Wednesday, February 6, 2013

100 Book Challenge - Book 16 - Doctor Who: Night of the Humans

Book 16/ 100
Book: Doctor Who: Night of the Humans
Author: David Llewellyn
ISBN: 978-1-846-07969-6
Pages: 247

For those who don’t know (Although I can’t imagine there are that many of ya) Doctor Who is a long running British science fiction TV series about an alien, The Doctor, who has a time machine, the TARDIS, that’s disguised as a 1960s style Police telephone box. The Doctor generally travels with companions, who are usually, but not always, human. And this year, 2013, is Doctor Who’s 50th anniversary, so I couldn’t do this 100 Book Challenge without at least one Doctor Who book in it.

This book features The Doctor and Amy Pond as portrayed on TV by Matt Smith and Karen Gillan.

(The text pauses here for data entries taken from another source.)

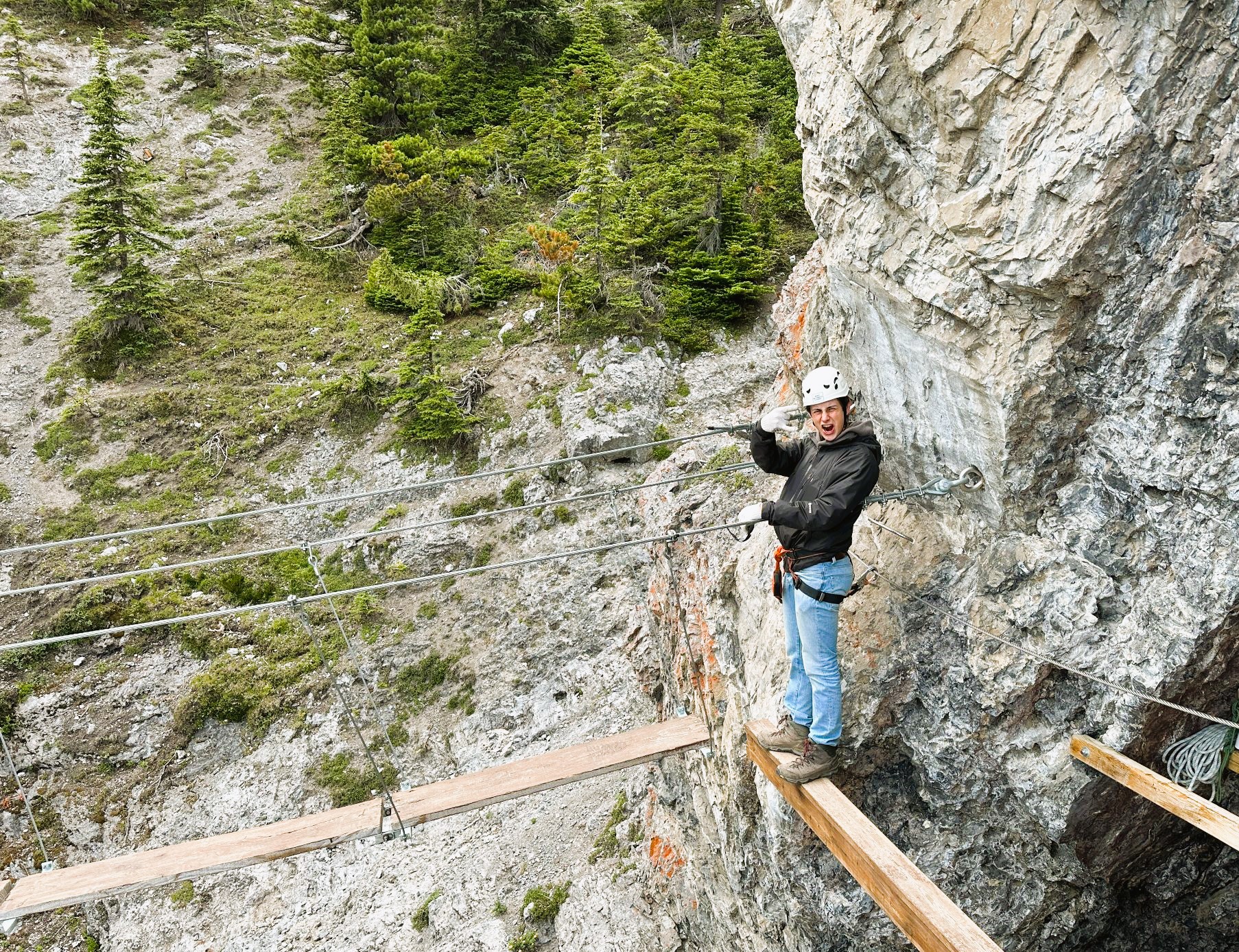 Vandaag ga je Banff National Park ontdekken op een heel originele manier: de Banff via ferrata is als een speeltuin in de lucht, waar grote en kleine avonturiers samen nieuwe hoogten bereiken. Trek je klimuitrusting aan en maak je klaar voor een zalig familieavontuur in de Rocky Mountains!
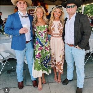 Elegant midi dress with floral print. Features green and pink hues. Perfect for any occasion.
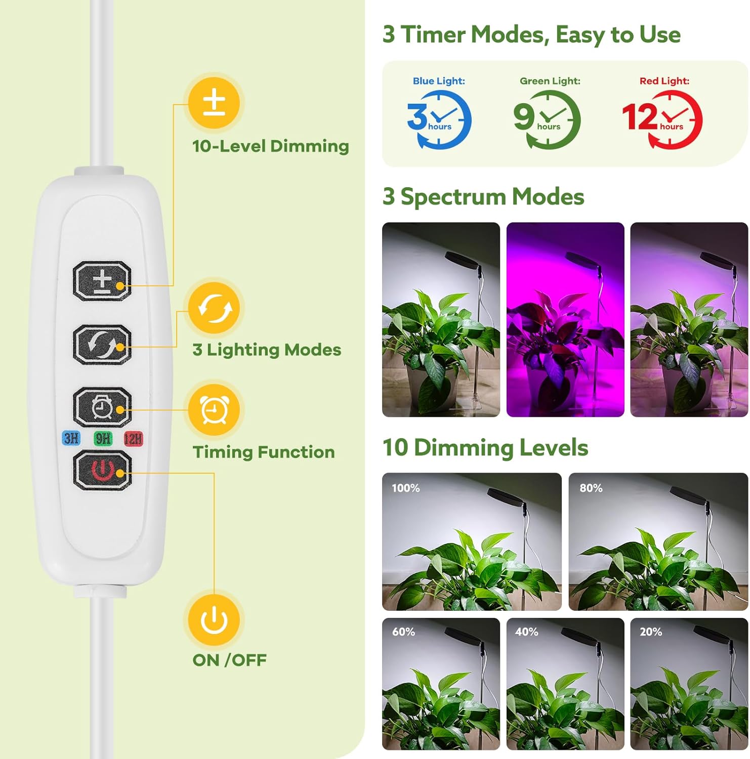 🌱【10 lámparas de crecimiento con temporizador automático y brillo adaptable】Con brillo que va del 10% al 100%, cumple con los requisitos de iluminación para diferentes etapas de crecimiento de plantas. Diseñada con tres ajustes de tiempo (3/9/12 horas), esta lámpara para plantas de interior se enciende y apaga automáticamente a diario cuando se enchufa, eliminando la necesidad de ajustes manuales. Práctico y sin complicaciones.
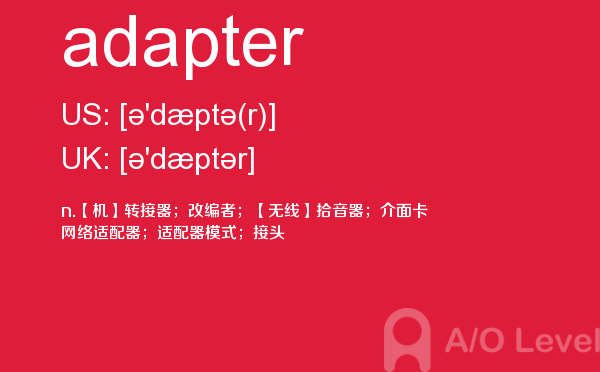 a-level课程证书被几乎所有英语授课的大学作为招收新生的入学标准。 在中国开设a-level课程旨在为中国学生提供进入国外大学的有效途径,具体目标为:培养在国内初高中成绩优秀的学生进入世界顶尖大学;培养在国内初高中成绩中等的学生进入世界一流大学;培养在国内初高中成绩一般的学生考取适合自己的大学。今天alevel考试网小编给大家详细解析a-level考试单词adapter。如果您想了解alevel考试报名时间,新加坡a水准试题,alevel考试是什么,alevel教材下载等关于a-level考试的相关资讯,请继续浏览并关注课窝a/o-level考试网。

Following a distress call from around 250,000 years in our future the TARDIS lands on a world made completely out of flattened space junk, called the Gyre, they soon encounter the hostile Sittuun, who take The Doctor and Amy prisoner, however as they’re being taken back to the Sittuun’s crashed spaceship, they’re attacked by a band of savages who kidnap The Doctor.

Amy soon learns that the savages are humans, humans who are descended from the survivors of a crashed human spaceship from ages ago, humans who have lost their knowledge of their past, who believe the Gyre is in fact Earth and their great god Gobo will soon come and take them to the sacred place called El Paso.

But of more immediate concern is the comet that’s scheduled to strike the Gyre and destroy it, sending debris out into space, to collide with the planets out there, including the Sittuun homeworld. Can Amy, with the help of the Sittuun, rescue The Doctor and save both the Sittuun and the humans? Well, with the help of the space swashbuckler Dirk Slipstream, maybe. But the question is, who can she trust?

Rating… Oh, 5 out of 5 TARDISes easily, although I did think that Amy’s characterization was slightly off from the TV portrayal, The Doctor though was spot on. The author managed to portray the sadness and the disbelief at the way things happen, as well as weave a nice little mystery into the book. I’d definitely recommend it to any Doctor Who fan out there.